Posts Tagged ‘classifier’

Tutorial - Creating your own classifier

Wednesday, December 17th, 2008

This is a brief tutorial of how to create your own classifier. I’ve used the term class synonymously to category and classifier to categorizer.

1. Determine the classifier domain

Before a classifier can start to classify it needs to be created and trained. First you should ask yourself what you want the classifier to do, is it a spam filter? a news categorizer? Let’s assume it’s a news categorizer for this tutorial. So we create a news classifier with the name ‘Example News Categorizer’.

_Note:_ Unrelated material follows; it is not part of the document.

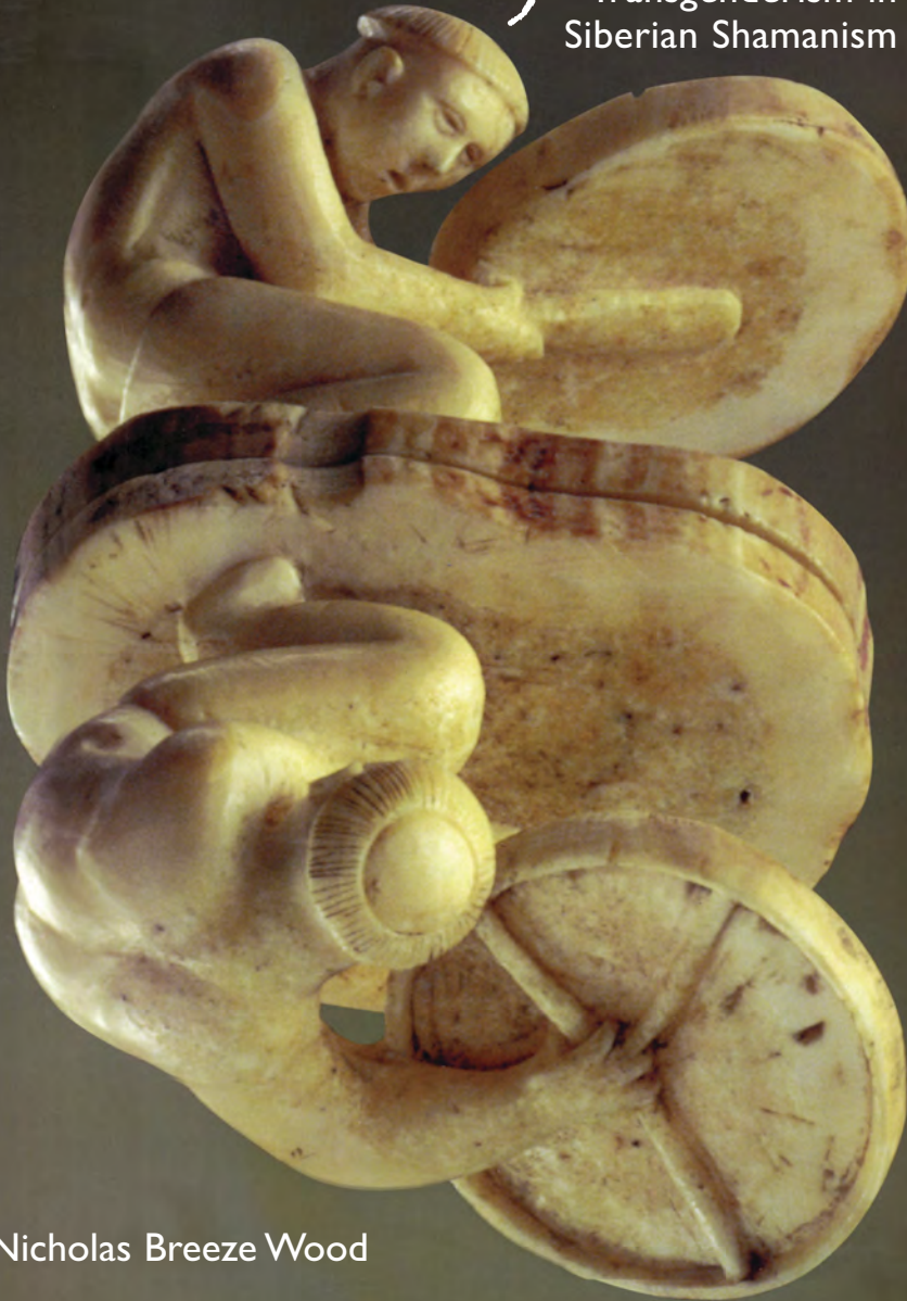
Nicholas Breeze Wood

Above: carved marine ivory statue of a shaman drumming. Koryak people

Fig 1. Create the classifier

2. Define the relevant classes

Secondly you need define what classes your classifier should include. Choosing relevant classes is straightforward - just ask yourself what categories are relevant for the domain you have chosen. Once you have selected the classes you want the classifier to distinguish between you create them. This is easy in our Graphical User Interface but can also be done via our web API. For our small example we create the following three classes: Science, Sports and Entertainment. You can create as many classes as you want.

Fig 2. Create the classes (categories)

You can also add and remove classes dynamically - so don’t worry if you aren’t 100% sure that you have included all.

3. Collect training data

Before the classifier can start to categorize texts into the classes we need to learn it how texts belonging to the different classes look. This is the hardest part as it requires you to collect actual training data. You can collect it from any source you find appropriate.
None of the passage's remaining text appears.